You say he bought "dye" ink. Was this an aftermarket ink or the OEM Epson ink? Sub inks should be compatible with the OEM, but you have to be careful about compatibility of sub inks with other inks. It can cause issues. 

Are you able to syringe ink out of the bottom of the bulk carts?


----------



## llian (Mar 22, 2012)

The dye ink was not OEM, but there wasn't a problem with that - that ink printed correctly. 

It was only after we cleaned it and put new refillable cartridges with sub ink in that the ink stopped coming through. The sub ink purchased was a 4 pack premium quality SubliNova InkTec


----------



## Talon (May 14, 2015)

OK, there still may be an issue with the compatability of the Dye ink and the sub ink. Some inks when they come in contact with each other, even in the smallest amounts, will turn to gel and clog screens, filters, dampers and print heads. 

Do you have the OEM carts? If so, put those in the printer and ensure the printer is functional.

Can you pull ink from the bottom of the bulk carts with a syringe...Does ink flow from the bulk system properly?


----------



## RayD (Oct 19, 2014)

I have the same printer and it has resisted all attempts to work!
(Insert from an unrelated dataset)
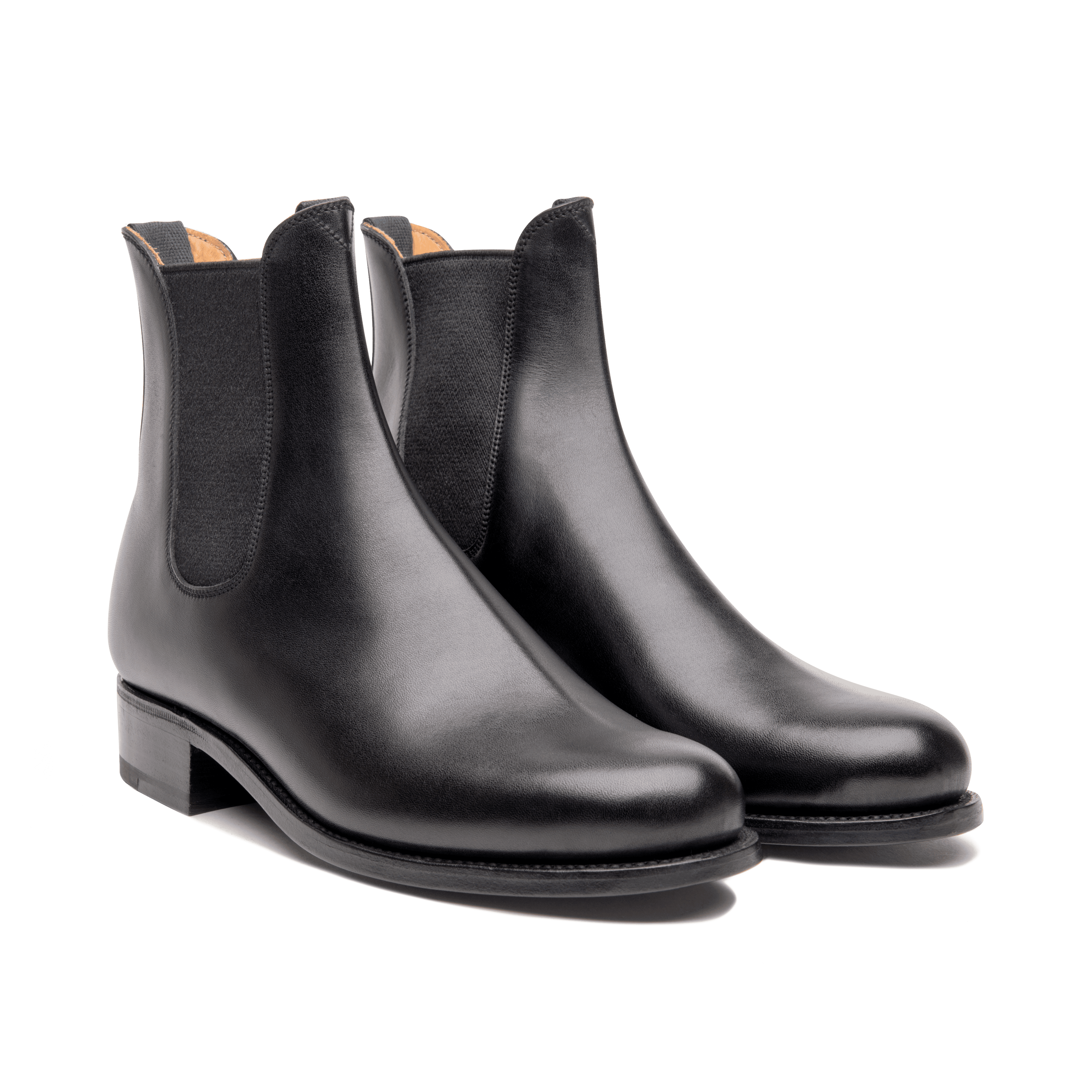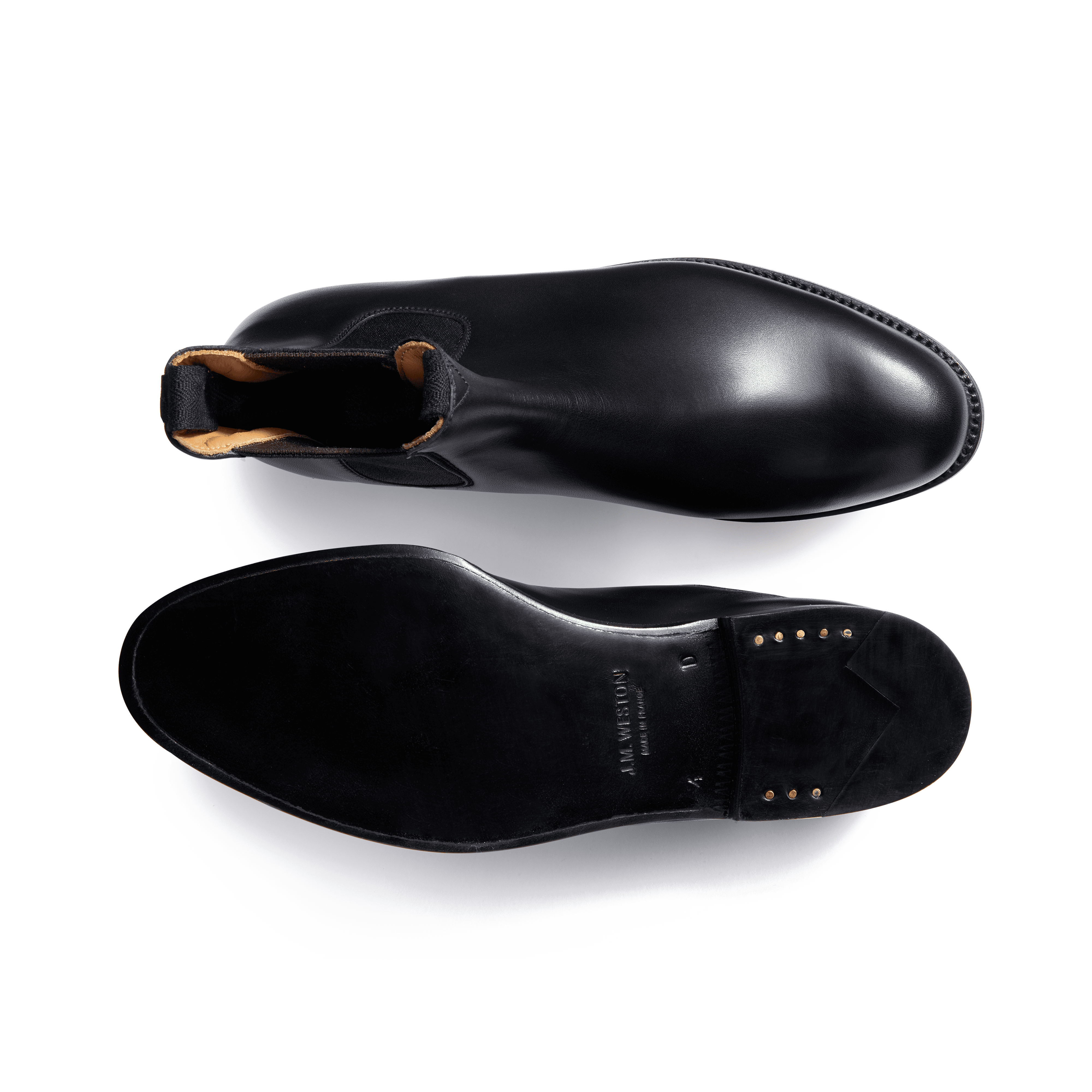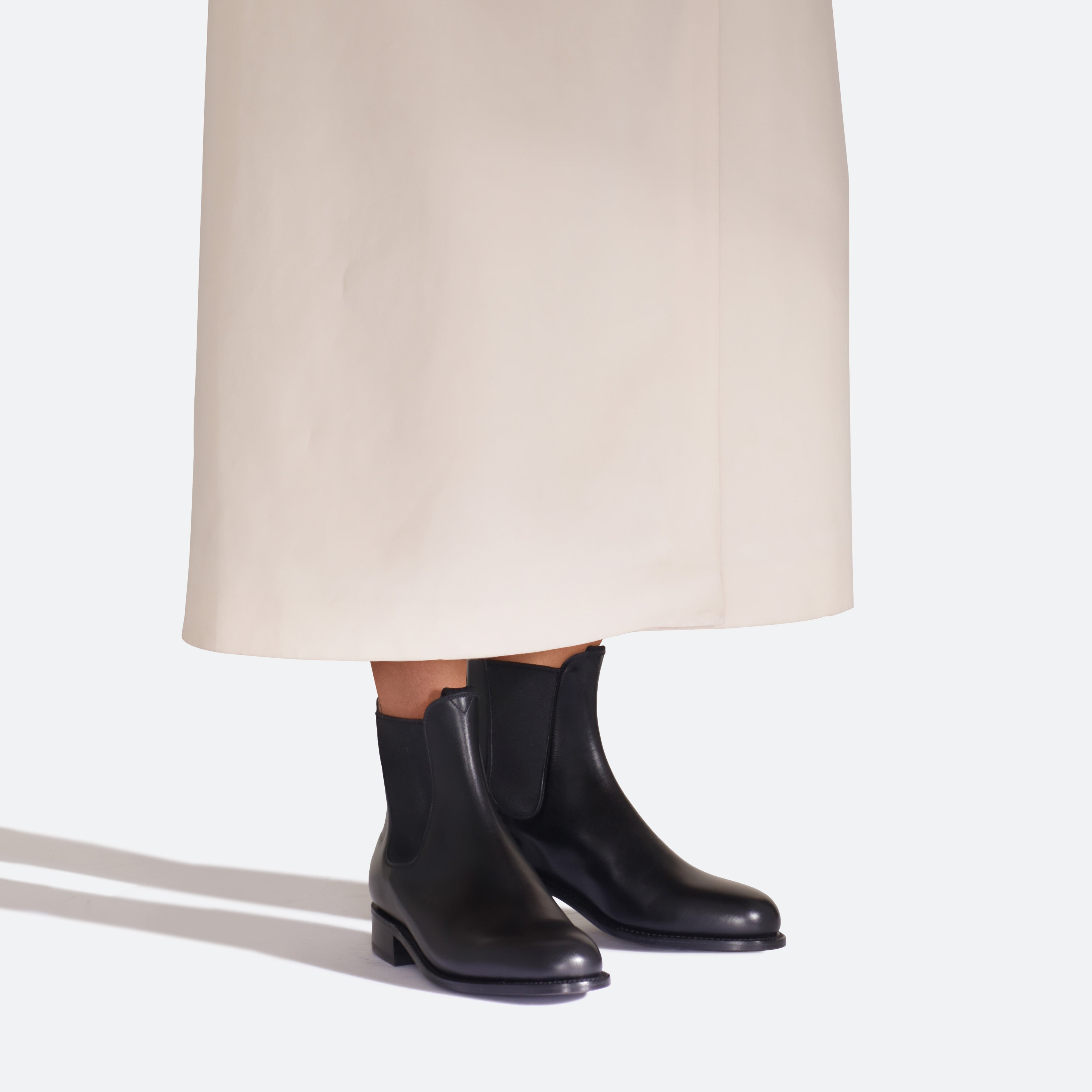 Ce savoir-faire consiste à tendre le cuir de la tige (dessus de la chaussure) à la main, sur une forme en bois afin de lui garantir une courbe idéale qui ne s’affaissera pas dans le temps. Coupée dans une seule pièce de cuir ainsi galbé, la bottine Cambre, que rien ne vient perturber dans son dessin autre que l’élastique ami, est un exemple d’ergonomie.
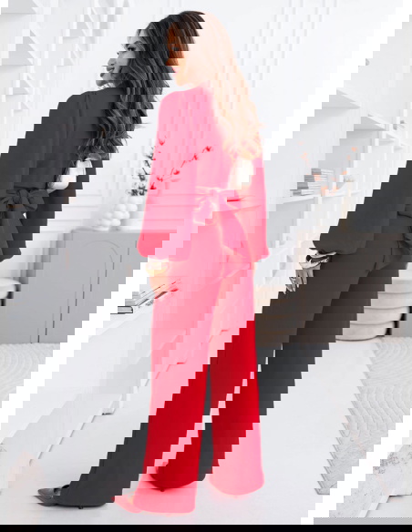 alinowy kombinezon wiązany w talii Neighlee to elegancki model o kobiecym, dopracowanym kroju. Kopertowy dekolt subtelnie podkreśla linię szyi i optycznie wysmukla górną część sylwetki. Wiązanie w talii pozwala precyzyjnie dopasować fason i wyraźnie zaznaczyć proporcje. Szerokie nogawki swobodnie opadają, wydłużają nogi i nadają całości lekkości. Materiał miękko układa się na ciele, nie krępuje ruchów i zapewnia komfort noszenia. Malinowy kolor jest intensywny, ale elegancki, dlatego sprawdzi się zarówno na większe wyjścia, jak i w bardziej stonowanych stylizacjach.

The same problems as you with the same ink. After set up I flushed out the OEM ink before installing the non OEM cart's.

I tried putting in the original OEM cartridges and the printer said they were the "Set Up" cartridges and could not now be used.

I have tried all the steps you have and have spent hours messing around with this piece of c***p. For back-up I have bought an old Brother (MFC-240C) and it works like a dream with sub ink but is very slow. So have now bought another Brother (special offer from Viking clearance).

Re the Epson, this is the second one!! The first went back for refund (after flushing) I would never touch Epson again.

I fully understand your frustration and hope you get sorted.

Ray


----------



## mgparrish (Jul 9, 2005)

Talon said:


> OK, there still may be an issue with the compatability of the Dye ink and the sub ink. Some inks when they come in contact with each other, even in the smallest amounts, will turn to gel and clog screens, filters, dampers and print heads.
> 
> Do you have the OEM carts? If so, put those in the printer and ensure the printer is functional.
> 
> Can you pull ink from the bottom of the bulk carts with a syringe...Does ink flow from the bulk system properly?


I disagree. This myth seems to perpetuate on forums for some reason.

I have been swapping OEM carts, 3rd party pigment and dye carts, and sub inks on many different models of Epsons for many years. 

On most Epson desktops including this one the WF7110 (I have one) once the firmware detects the new carts an auto head clean and ink charge is initiated and the previous inks are 100% and completely displaced. There are no ink lines with carts to keep and hold old inks.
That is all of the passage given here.